It is so easy to become complacent in college. Over the last two or three weeks, I've lived my life problem set to problem set. I spend most of my time either in the library or at my desk, and I don't have time for friends until the weekend. The excitement has faded out of the work, the challenge has been and must be met each week, and school has transformed into something resembling a job. And so I've been floating along with my head down and my hopes hidden. Those violent dreams that kept me up in August have retreated to somewhere in the back of my mind, and my focus has been on the present, the here, the now, the next assignment, the next test. I even stopped running for a two week span. And so I've been trudging along, content but not on fire.
Then two days ago, I decided to go for a run. It was absolutely terrible for the first two miles. My ankles ached, muscles rebelled, and I couldn't find my stride. And then, when my body realized that I wasn't stopping, things started to click. My gait evened out, my protesting limbs silenced, and my pandora station even got its act together. It was wonderful, so naturally I decided to lunge the length of my hall. The following day, I was more sore than I expected, but also so much happier and relaxed. The weather was dreary by the average person's standpoint, but I was loving its threatening clouds, oppressing humidity, and warm breeze. Blacksburg weather seemed to mirror my feeling that things are changing and that I need some wildness back in my life. So of course, summer child that I am, I celebrated the wild, wonderful weather by donning a skirt and letting my hair do its crazy rain-loving thing. I swirled throughout my day yesterday in a haze of daydreams and Econ, and ended my day with a run in the unseasonably warm rain.

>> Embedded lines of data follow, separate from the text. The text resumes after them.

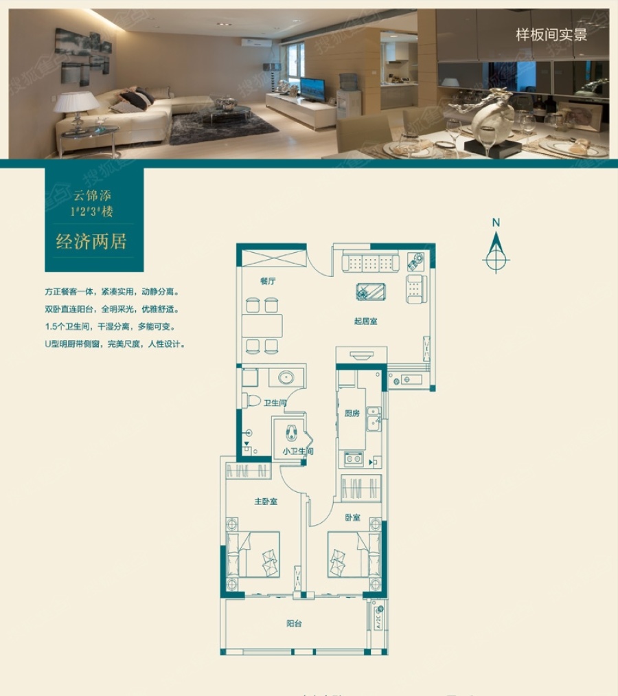 卧室:双卧直连阳台,全明采光。 厨房:U型明厨带侧窗,完美尺度。 客厅:方正餐客一体,紧凑实用。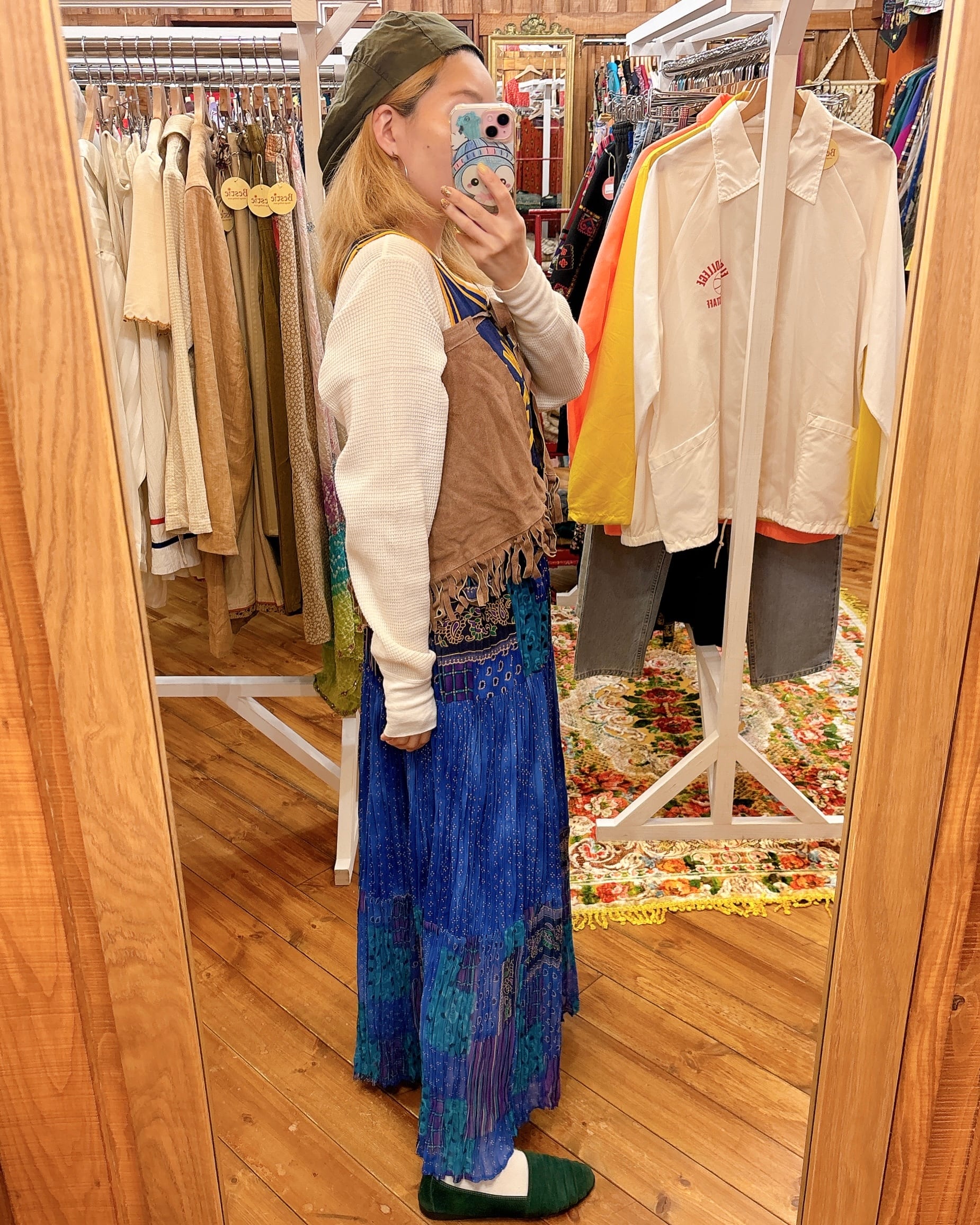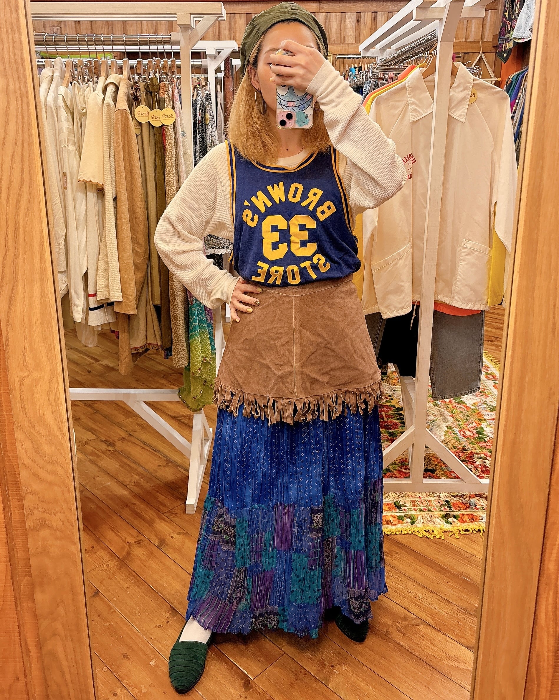 紐まで同じ素材のエプロンタイプのラップスカートです。もともと腰回り全体を包むデザインではありません。デニムパンツ、スカート、ワンピースなどメインのお洋服とレイヤードして楽しむスカートです!!カラーは茶系でちょっとグレーがかったくすみのある色に見えます。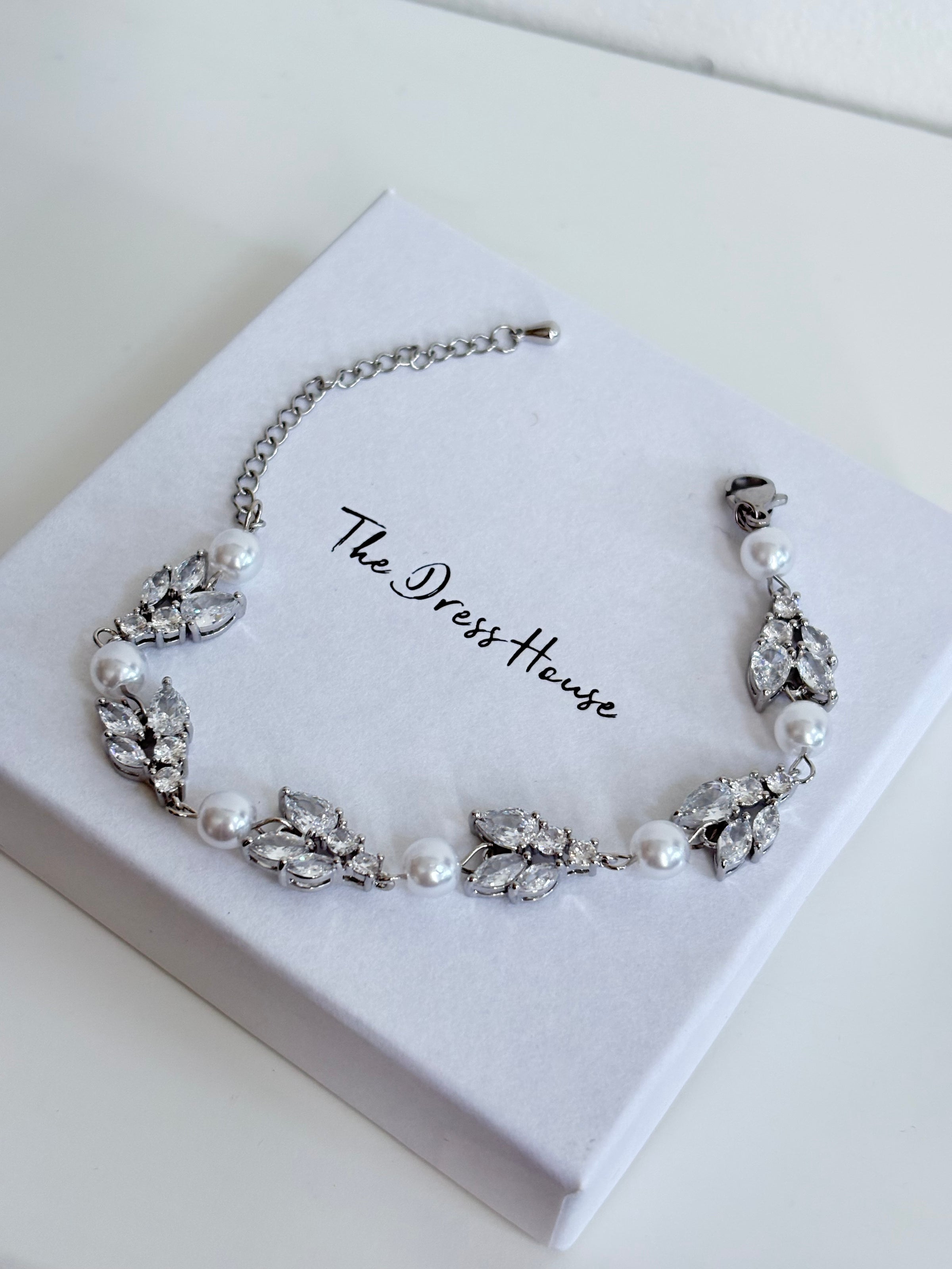 Wear this slender crystal leaf and pearl bracelet for a touch of vintage elegance. Made with teardrop ivory pearls interspersed with delicate semi precious quartz-embellished leaves, this is an understated choice to complete a vintage or classic bridal look. Complete extension chain for the perfect fit.

This morning, I woke up with something closer to the fire I knew this summer. My drive is coming back, and its source is something as simple as getting outside and moving. In statics, my professor wrote an equation on the board and followed it by saying, "Don't worry about this unless you're ESM or Aerospace. The rest of you won't need as sound of a theoretical background." Two days ago, I would have been relieved to have one less thing to know. This morning, however, his comment really made me angry. Why shouldn't I learn that too? I even, for a fleeting second, contemplated switching to aero just so I could meet the challenge. After those fleeting seconds, I realized something. The fire's back.
Closing quote of the month:
Walk with the dreamers, the believers, the courageous, the cheerful, the planners, to doers, the successful people with their heads in the clouds and their feet on the ground. Let their spirit ignite a fire within you to leave this world better than when you found it.